A. D. Alexandrov Selected Works PDF Author: Yu G Reshetnyak
Publisher: CRC Press
ISBN: 9780367396312
Category : Geometry
Languages : en
Pages : 332

Book Description
Alexandr Danilovich Alexandrov has been called a giant of 20th-century mathematics. This volume contains some of the most important papers by this renowned geometer and hence, some of his most influential ideas. Alexandrov addressed a wide range of modern mathematical problems, and he did so with intelligence and elegance, solving some of the discipline's most difficult and enduring challenges. He was the first to apply many of the tools and methods of the theory of real functions and functional analysis that are now current in geometry. The topics here include convex polyhedrons and closed surfaces, an elementary proof and extension of Minkowski's theorem, Riemannian geometry and a method for Dirichlet problems. This monograph, published in English for the first time, gives unparalleled access to a brilliant mind, and advanced students and researchers in applied mathematics and geometry will find it indispensable.

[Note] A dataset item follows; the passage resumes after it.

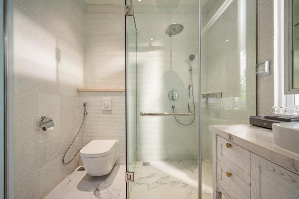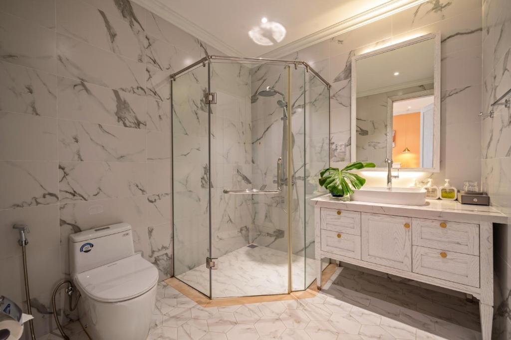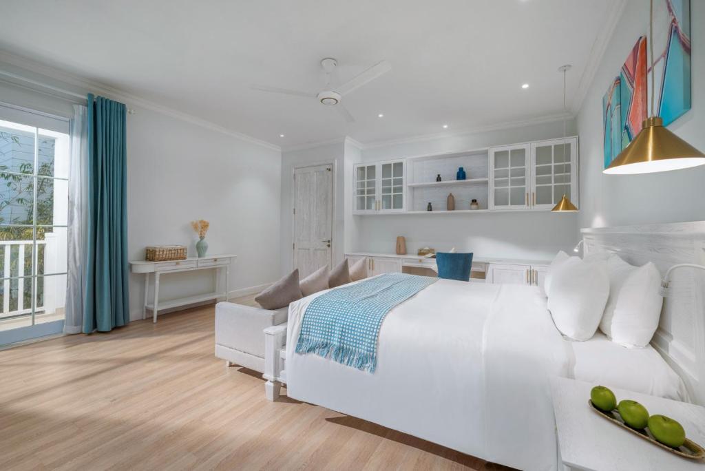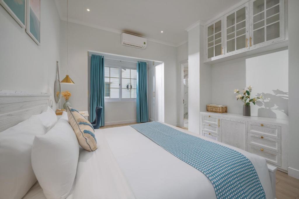 Điểm nổi bật của The Salt Villas Da Nang chính là diện tích rộng đến 250m², với 3 phòng ngủ4 phòng tắm riêng biệt, rất phù hợp cho gia đình lớn hoặc nhóm bạn từ 6–10 người. Mỗi phòng đều được trang bị điều hòa, ga trải giường cao cấpphòng tắm riêng hiện đại có vòi xịt/chậu rửa vệ sinh cùng đồ dùng cá nhân miễn phí.

Convex Bodies: The Brunn–Minkowski Theory

Convex Bodies: The Brunn–Minkowski Theory PDF Author: Rolf Schneider
Publisher: Cambridge University Press
ISBN: 1107471613
Category : Mathematics
Languages : en
Pages : 752

Book Description
At the heart of this monograph is the Brunn–Minkowski theory, which can be used to great effect in studying such ideas as volume and surface area and their generalizations. In particular, the notions of mixed volume and mixed area measure arise naturally and the fundamental inequalities that are satisfied by mixed volumes are considered here in detail. The author presents a comprehensive introduction to convex bodies, including full proofs for some deeper theorems. The book provides hints and pointers to connections with other fields and an exhaustive reference list. This second edition has been considerably expanded to reflect the rapid developments of the past two decades. It includes new chapters on valuations on convex bodies, on extensions like the Lp Brunn–Minkowski theory, and on affine constructions and inequalities. There are also many supplements and updates to the original chapters, and a substantial expansion of chapter notes and references.